Data section:

────────

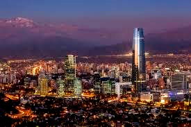 The image captures the breathtaking beauty of a modern city during sunset. The tall skyscrapers, illuminated against the twilight sky, stand out prominently against the darker areas of the city. In the background, majestic mountains add a touch of natural grandeur to the urban landscape.
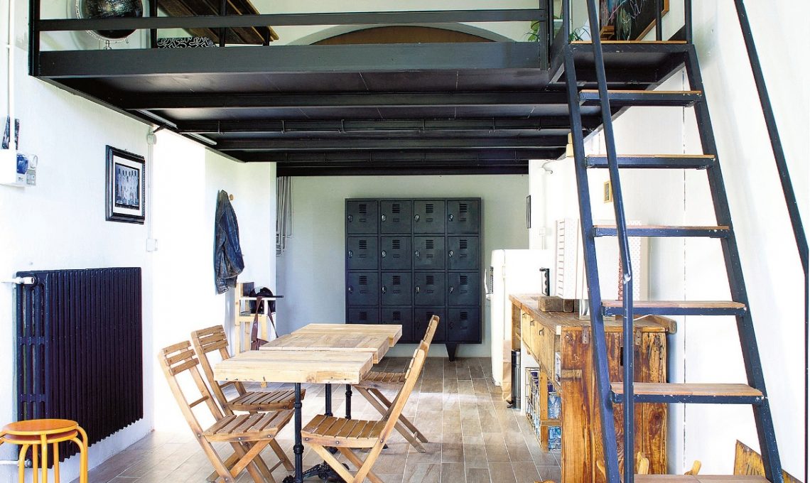 Il soppalco in ferro fa l’effetto di un ponte. Lo stanzone è grande, e lo spazio in alto è perfetto per concentrarsi. Il soffitto ribassato crea un’atmosfera raccolta anche nel passaggio pranzo; qui, tre basi in ghisa da bistrot, con piani in legno di recupero, fanno da tavolo modulare. Il calorifero era ‘anonimo’ ma, riverniciato di nero, contribuisce -con l’armadietto da palestra sul fondo- al giusto equilibrio di forme e colori materici
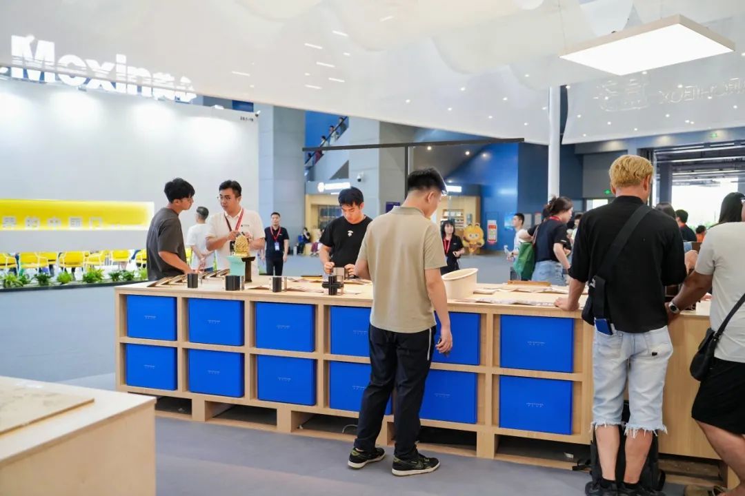 配合时下年轻人热衷的生活方式,增设了打卡、畅饮区域。原创设计家居品牌「间则jianze」带来了由多个彩色猫柜堆叠而成的小型艺术装置,呈现奇趣生活场景。世界高端净水品牌「MULTIPURE美而浦」在咖啡区为来往观众提供了“鲜榨”矿泉水的新奇咖啡体验,让观众直观感受到“水好、咖啡好”的理念。
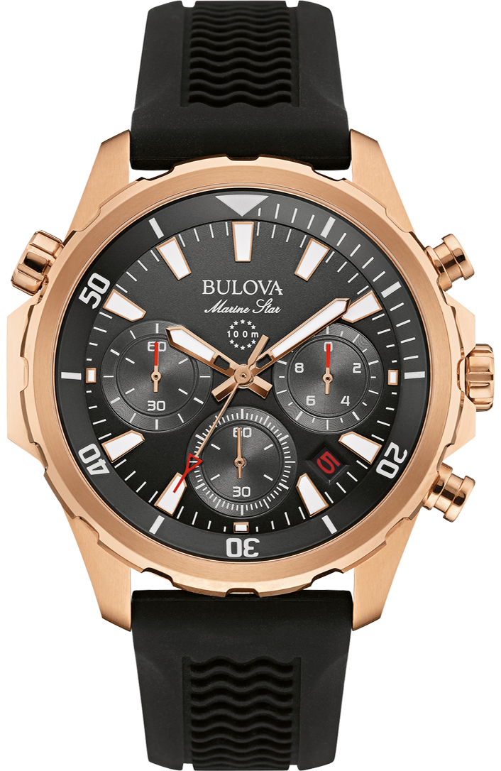 BULOVA Marine Star Rose Gold Black Rubber Strap 97B153

────────

Problem description:
Keeping both end lines, retype exactly the lines from the first line of the material through the line that contains "配合时下年轻人热衷的生活方式", but not the pictures.

Response to this task:
 The image captures the breathtaking beauty of a modern city during sunset. The tall skyscrapers, illuminated against the twilight sky, stand out prominently against the darker areas of the city. In the background, majestic mountains add a touch of natural grandeur to the urban landscape.
 Il soppalco in ferro fa l’effetto di un ponte. Lo stanzone è grande, e lo spazio in alto è perfetto per concentrarsi. Il soffitto ribassato crea un’atmosfera raccolta anche nel passaggio pranzo; qui, tre basi in ghisa da bistrot, con piani in legno di recupero, fanno da tavolo modulare. Il calorifero era ‘anonimo’ ma, riverniciato di nero, contribuisce -con l’armadietto da palestra sul fondo- al giusto equilibrio di forme e colori materici
 配合时下年轻人热衷的生活方式,增设了打卡、畅饮区域。原创设计家居品牌「间则jianze」带来了由多个彩色猫柜堆叠而成的小型艺术装置,呈现奇趣生活场景。世界高端净水品牌「MULTIPURE美而浦」在咖啡区为来往观众提供了“鲜榨”矿泉水的新奇咖啡体验,让观众直观感受到“水好、咖啡好”的理念。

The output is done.